During the 1930s Alex and Annie operated a small grocery shop in their home on Armstrong St. In the depths of the depression my father, who was a railroader, got very little work and we were often short of cash. At those times our credit was good and we could always get the essentials at the Morans. There were lots of card games and visits to and fro. Uncle Alex was also a fiddle player and he and Aunt Em Delaney played for dancing and entertainment.
— Emmett Patrick Sloan, Memories of the Morans (2007)
Ancestry.ca has an extremely useful database of voters lists: “Canada, Voters Lists, 1935-1980.” These lists can be used as a census substitute of sorts, although of course they only include adult citizens (age 21 and over until 1970, at which point the voting age was lowered to 18). They can help to discover and/or verify addresses, and they may also provide some useful information on occupations.
But as with the Canadian census (and the US federal census, for that matter, and the UK census too), these voters lists tend to erase evidence of occupation for married women. Well, perhaps “erase” is too strong a term? it suggests an act of commission, when what we are dealing with, arguably, is an act of omission.
My great-grandparents Alex (Alexander Michael) and Annie (Anna Maria Benton) Moran had a grocery store, a small “mom-and-pop” operation at the front of their house on Armstrong St. Here they are in the 1935 List of Electors (Victoria Ward, City of Ottawa), with my grandparents Allan Jerome Moran and Mary Catherine Lahey (here listed as Mrs Allan [W] [= Wife], married woman) listed just below:
Notice how Alex and Annie’s “mom-and-pop” operation has become a “pop” operation in this document: Moran, Alexander is listed as a “grocery store proprietor,” while his wife Annie (Mrs Alexander, [W] [= Wife]) is given the occupational designation of “married woman.”

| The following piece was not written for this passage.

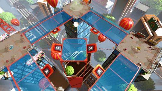 新创意带来无限可能,围绕着我们在外形、大小、重量和相应物理特性上的区别,开发团队做了很多尝试,从单人过关的桥段、多人混战的模式、Sonic式的速滑比赛到黑暗“地牢”(我们必须时不时抬起jiojio,以便让脚底的手电光照亮周围)。甚至还不再单纯追求合作过程,开发出了一个PvP模式:对战舞台被设计在由玻璃天桥连接起来的四个大楼楼顶,小机器人分成两队进行对战,通过抢占随机出现在各个楼顶的“据点”来累积获胜所需的分数。
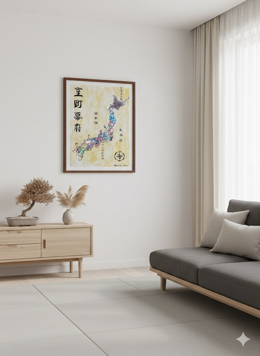 Stylistically, the composition draws upon archival aesthetics while remaining legible to a modern audience. Borders and tonal contrasts are structured to convey political fragmentation without imposing later Tokugawa-era unity or modern prefectural divisions. No anachronistic boundaries are introduced.

In the 1945 List of Electors (Dalhousie Ward, Ottawa West, City of Ottawa) the widowed Annie Moran (“Moran, Mrs. A.”) can be found at 390 Bronson Ave., Apt. 1. Also at 390 Bronson, Apt. 1 is Annie (Benton) Moran’s sister-in-law, Mary Emilia Moran (Mrs. E. J. [Edward Joseph] Delaney); and a Wesley McNight, soldier, and his wife:
Interestingly enough, my great-grandmother’s occupation is listed here as “retired.” Retired from her former occupation of “married woman”? Well, I suppose that makes sense, given that she was now a widow!